— SUPPLIED ENTRIES —

* * * * * * *

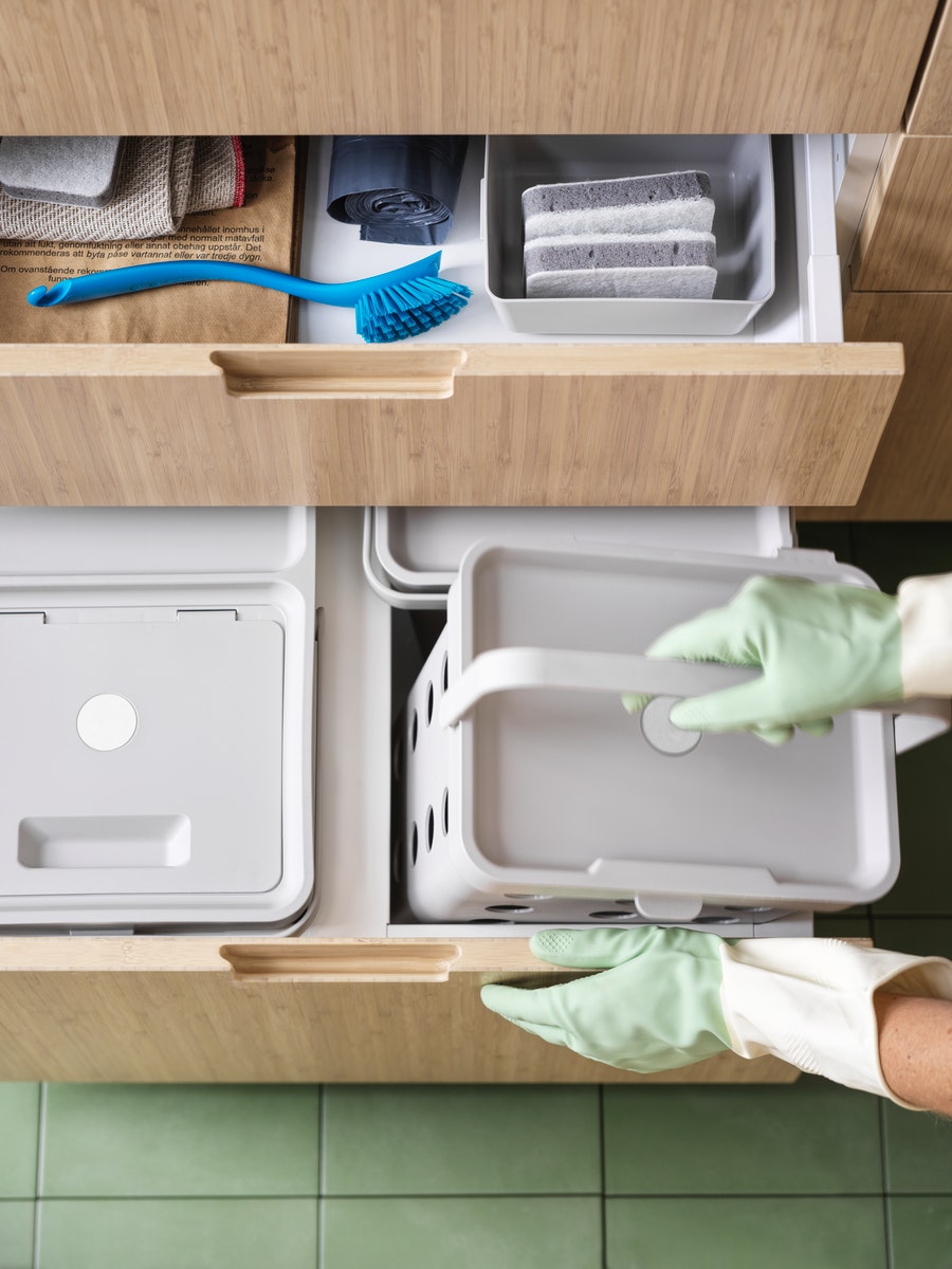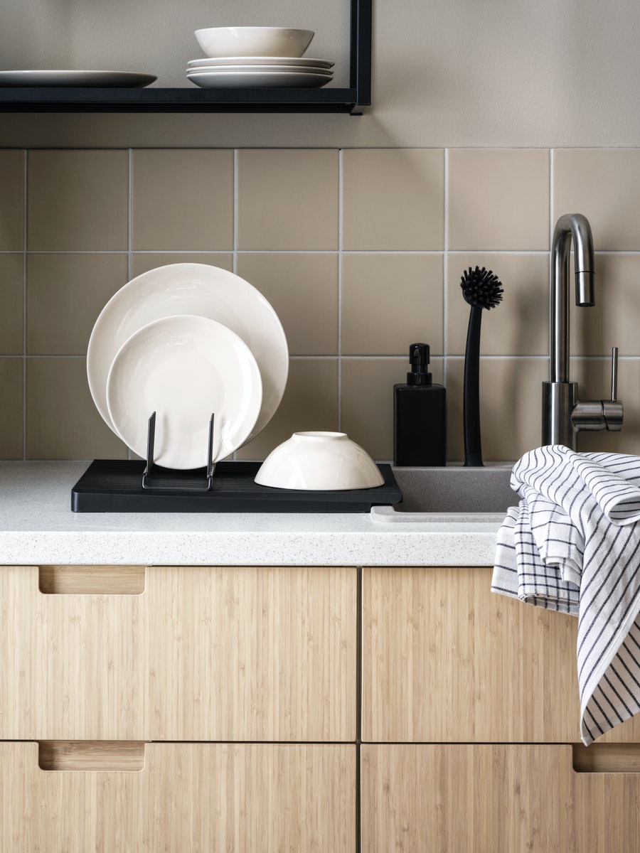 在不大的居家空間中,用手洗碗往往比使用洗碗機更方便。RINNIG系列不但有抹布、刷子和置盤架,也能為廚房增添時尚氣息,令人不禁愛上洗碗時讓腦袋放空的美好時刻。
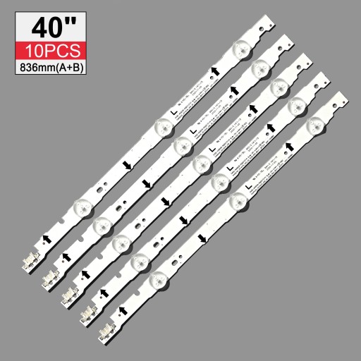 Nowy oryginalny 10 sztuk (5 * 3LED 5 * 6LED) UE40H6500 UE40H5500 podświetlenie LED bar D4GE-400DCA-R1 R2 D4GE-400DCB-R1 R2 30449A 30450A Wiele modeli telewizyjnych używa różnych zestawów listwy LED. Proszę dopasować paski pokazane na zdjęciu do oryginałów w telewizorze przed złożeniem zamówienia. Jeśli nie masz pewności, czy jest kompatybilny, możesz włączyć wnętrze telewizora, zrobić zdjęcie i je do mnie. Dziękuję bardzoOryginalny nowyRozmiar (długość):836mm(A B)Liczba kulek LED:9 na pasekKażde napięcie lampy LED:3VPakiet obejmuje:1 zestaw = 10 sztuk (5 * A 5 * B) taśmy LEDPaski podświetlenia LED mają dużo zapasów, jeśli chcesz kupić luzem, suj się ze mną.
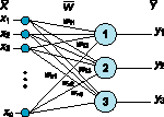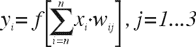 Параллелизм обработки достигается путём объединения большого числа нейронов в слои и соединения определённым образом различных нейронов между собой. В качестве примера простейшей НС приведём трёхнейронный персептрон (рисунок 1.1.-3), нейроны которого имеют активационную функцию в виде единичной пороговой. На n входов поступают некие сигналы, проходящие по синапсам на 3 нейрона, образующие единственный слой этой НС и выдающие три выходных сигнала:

* * * * * * *

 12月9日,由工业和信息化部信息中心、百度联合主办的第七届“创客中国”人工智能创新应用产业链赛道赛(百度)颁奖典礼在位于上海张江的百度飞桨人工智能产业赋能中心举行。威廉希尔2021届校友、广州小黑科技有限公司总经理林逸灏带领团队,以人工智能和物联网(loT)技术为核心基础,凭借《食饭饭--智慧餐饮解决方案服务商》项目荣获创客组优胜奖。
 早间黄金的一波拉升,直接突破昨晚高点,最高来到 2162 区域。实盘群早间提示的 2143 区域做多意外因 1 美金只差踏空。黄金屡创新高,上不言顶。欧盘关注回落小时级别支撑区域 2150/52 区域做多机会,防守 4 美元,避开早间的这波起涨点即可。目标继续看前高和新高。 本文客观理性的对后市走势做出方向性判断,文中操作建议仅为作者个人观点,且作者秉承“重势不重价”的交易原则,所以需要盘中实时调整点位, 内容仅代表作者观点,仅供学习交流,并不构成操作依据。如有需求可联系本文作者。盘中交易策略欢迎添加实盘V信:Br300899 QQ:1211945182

* * * * * * *

— WHAT THE EXERCISE ASKS —
Scan the listing above for the line that has "12月9日,由工业和信息化部", then copy exactly from that line through the line that has "早间黄金的一波拉升,直接突破昨晚高点,最高来到 2162 区域。实盘群早间提示的".

— YOUR RESPONSE —
 12月9日,由工业和信息化部信息中心、百度联合主办的第七届“创客中国”人工智能创新应用产业链赛道赛(百度)颁奖典礼在位于上海张江的百度飞桨人工智能产业赋能中心举行。威廉希尔2021届校友、广州小黑科技有限公司总经理林逸灏带领团队,以人工智能和物联网(loT)技术为核心基础,凭借《食饭饭--智慧餐饮解决方案服务商》项目荣获创客组优胜奖。
 早间黄金的一波拉升,直接突破昨晚高点,最高来到 2162 区域。实盘群早间提示的 2143 区域做多意外因 1 美金只差踏空。黄金屡创新高,上不言顶。欧盘关注回落小时级别支撑区域 2150/52 区域做多机会,防守 4 美元,避开早间的这波起涨点即可。目标继续看前高和新高。 本文客观理性的对后市走势做出方向性判断,文中操作建议仅为作者个人观点,且作者秉承“重势不重价”的交易原则,所以需要盘中实时调整点位, 内容仅代表作者观点,仅供学习交流,并不构成操作依据。如有需求可联系本文作者。盘中交易策略欢迎添加实盘V信:Br300899 QQ:1211945182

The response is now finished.